Hi everyone,
I have created a few models using Deep Learning but mostly have worked with images. Unlike with audio, images can be cropped, resized, etc.
So, I was in the process of creating a Speech Recogniton model (for Spanish) as my thesis and I got to do these steps:
-
This is my dataset, the dataset are of different lengths.
-
I created spectrograms for each one of them with 128 features, and of course each one has different numbers of frames due to their duration variation.
-
I created a custom dataset where each data is spectrogram + label:
train_dataset = SpanishSpeechDataSet(csv_file='../input/spanish-single-speaker-speech-dataset/transcript.txt', root_dir='../input/spanish-single-speaker-speech-dataset/', data_type='train')
I did a test and show the spectrogram:
- I create a data processing function:
def data_processing(audio_data):
spectrograms = []
labels = []
input_lengths = []
label_lengths = []
for (spec,label) in audio_data:
#The spectrogram is in (128, 407) and (128, 355) for example but later on for padding the function expects (407, 128) and (355, 128). So we need to transpose the matrices.

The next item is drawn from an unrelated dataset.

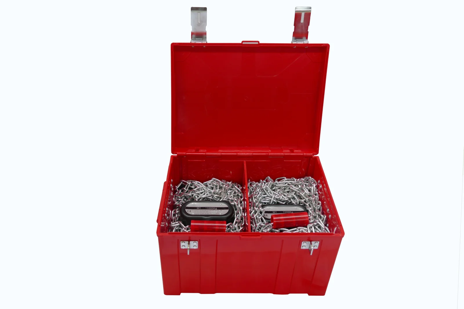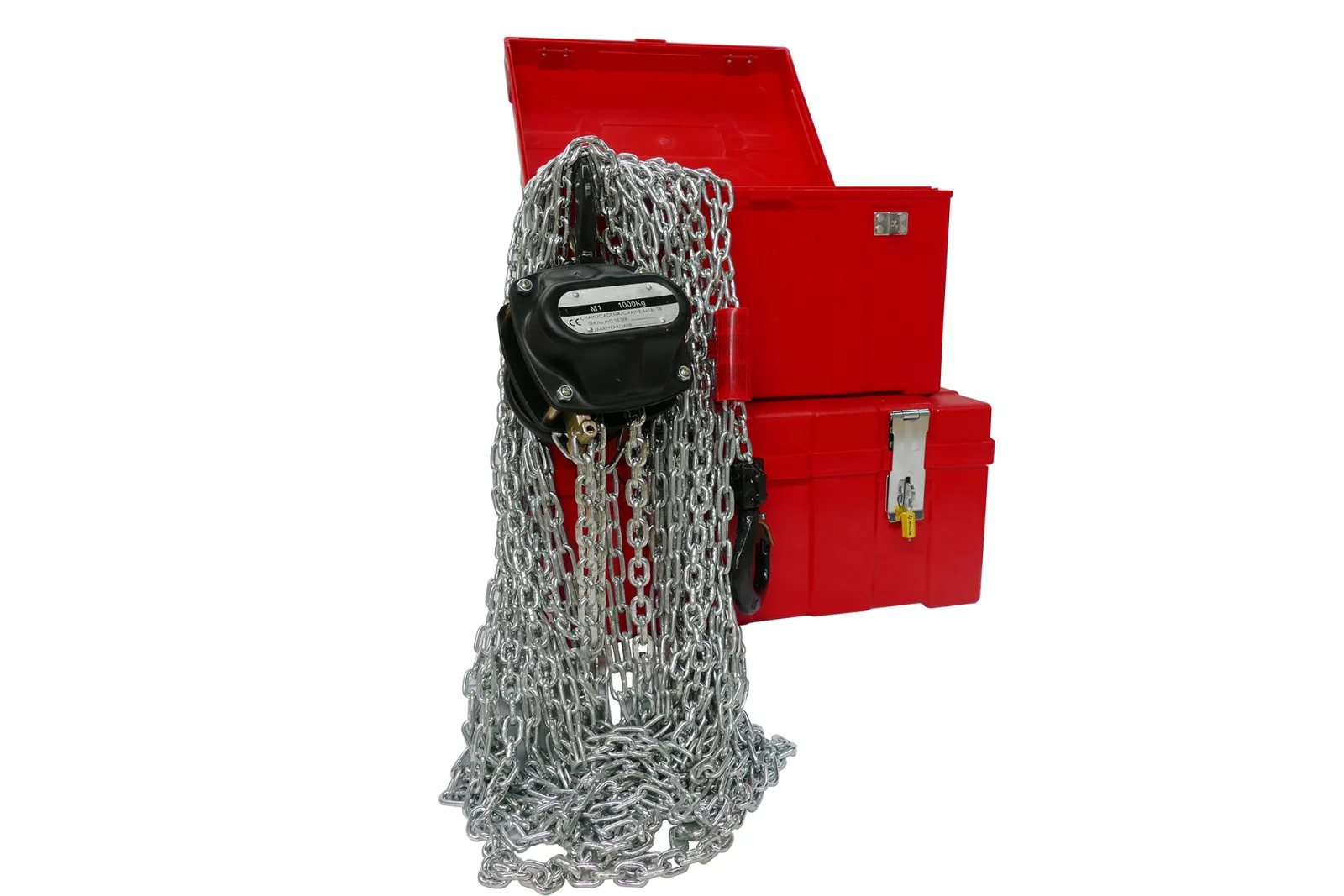 Red box with 2 pcs CE certified manual chain hoists with 9m chain and 1000 kg lifting capacity.
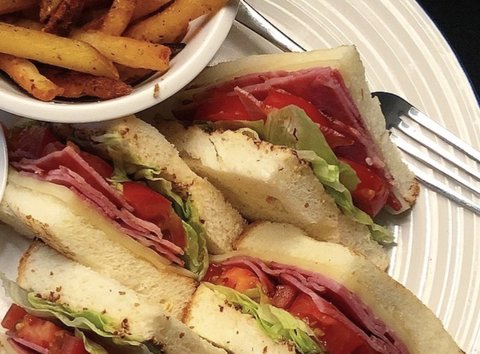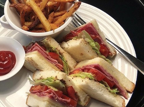 토요일 아침으로 만든 샌드위치와 케이준프라이

spectrograms.append(torch.Tensor(spec.transpose()))
t = TextProcessing()
label = torch.Tensor(t.text2int(text=label))
labels.append(label)
input_lengths.append(spec.shape[0]//2)
label_lengths.append(len(label))
print(len(spectrograms))
spec_pad = torch.nn.utils.rnn.pad_sequence(spectrograms, batch_first=True).unsqueeze(1).transpose(2,3)
label_pad = torch.nn.utils.rnn.pad_sequence(labels, batch_first=True)
return spec_pad, label_pad, input_lengths, label_lengths
- DataLoader:
data_loader = DataLoader(dataset=train_dataset, batch_size=32,shuffle=True,collate_fn=lambda x: data_processing(x))
- Test the size of each:
it = iter(data_loader)
first = next(it)
second = next(it)
print(first[0].shape)
print(second[0].shape)
32
32
torch.Size([32, 1, 128, 594])
torch.Size([32, 1, 128, 558])
For each batch, the max size of the batch is different.
- Now, my question is if I want to pass these to a RNN, the input size would be 128 (number of features of the spectrogram) or would it be the frames (above case 594 or 558)? I am really confused!
Thanks.
BR,
Shweta.